● WHAT NEEDS TO BE DONE
From the listing below, set down exactly the lines between the one holding "Melchor, Gaspar y" and the one holding "Öğretmenlerimiz için oldukça", inclusive. No other line is wanted.

● RECORDS FOR PROCESSING
━━━━━━━━━━━━━━━━━━━━━━━━━━━━━━
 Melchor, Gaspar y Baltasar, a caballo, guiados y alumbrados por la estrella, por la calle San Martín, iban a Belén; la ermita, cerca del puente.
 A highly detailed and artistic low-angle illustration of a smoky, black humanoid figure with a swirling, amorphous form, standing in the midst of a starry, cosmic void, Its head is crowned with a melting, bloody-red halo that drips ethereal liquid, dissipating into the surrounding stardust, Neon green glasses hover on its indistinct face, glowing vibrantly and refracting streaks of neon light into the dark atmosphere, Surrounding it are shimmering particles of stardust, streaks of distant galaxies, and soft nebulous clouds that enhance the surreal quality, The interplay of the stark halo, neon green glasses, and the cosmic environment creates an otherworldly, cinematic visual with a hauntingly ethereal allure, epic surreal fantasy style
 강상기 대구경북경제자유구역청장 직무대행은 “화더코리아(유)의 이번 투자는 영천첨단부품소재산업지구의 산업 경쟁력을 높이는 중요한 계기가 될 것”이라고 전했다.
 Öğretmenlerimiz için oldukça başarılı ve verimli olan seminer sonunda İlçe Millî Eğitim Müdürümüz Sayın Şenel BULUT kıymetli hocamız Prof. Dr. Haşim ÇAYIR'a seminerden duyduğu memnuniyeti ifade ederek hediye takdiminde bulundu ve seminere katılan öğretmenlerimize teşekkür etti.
━━━━━━━━━━━━━━━━━━━━━━━━━━━━━━
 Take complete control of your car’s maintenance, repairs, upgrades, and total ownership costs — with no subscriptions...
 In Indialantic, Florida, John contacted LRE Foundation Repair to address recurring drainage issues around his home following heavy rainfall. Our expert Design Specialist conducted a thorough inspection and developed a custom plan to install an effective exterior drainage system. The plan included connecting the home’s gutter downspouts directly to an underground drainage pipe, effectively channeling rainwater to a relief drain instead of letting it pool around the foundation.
━━━━━━━━━━━━━━━━━━━━━━━━━━━━━━
● RESPONSE AREA
 Melchor, Gaspar y Baltasar, a caballo, guiados y alumbrados por la estrella, por la calle San Martín, iban a Belén; la ermita, cerca del puente.
 A highly detailed and artistic low-angle illustration of a smoky, black humanoid figure with a swirling, amorphous form, standing in the midst of a starry, cosmic void, Its head is crowned with a melting, bloody-red halo that drips ethereal liquid, dissipating into the surrounding stardust, Neon green glasses hover on its indistinct face, glowing vibrantly and refracting streaks of neon light into the dark atmosphere, Surrounding it are shimmering particles of stardust, streaks of distant galaxies, and soft nebulous clouds that enhance the surreal quality, The interplay of the stark halo, neon green glasses, and the cosmic environment creates an otherworldly, cinematic visual with a hauntingly ethereal allure, epic surreal fantasy style
 강상기 대구경북경제자유구역청장 직무대행은 “화더코리아(유)의 이번 투자는 영천첨단부품소재산업지구의 산업 경쟁력을 높이는 중요한 계기가 될 것”이라고 전했다.
 Öğretmenlerimiz için oldukça başarılı ve verimli olan seminer sonunda İlçe Millî Eğitim Müdürümüz Sayın Şenel BULUT kıymetli hocamız Prof. Dr. Haşim ÇAYIR'a seminerden duyduğu memnuniyeti ifade ederek hediye takdiminde bulundu ve seminere katılan öğretmenlerimize teşekkür etti.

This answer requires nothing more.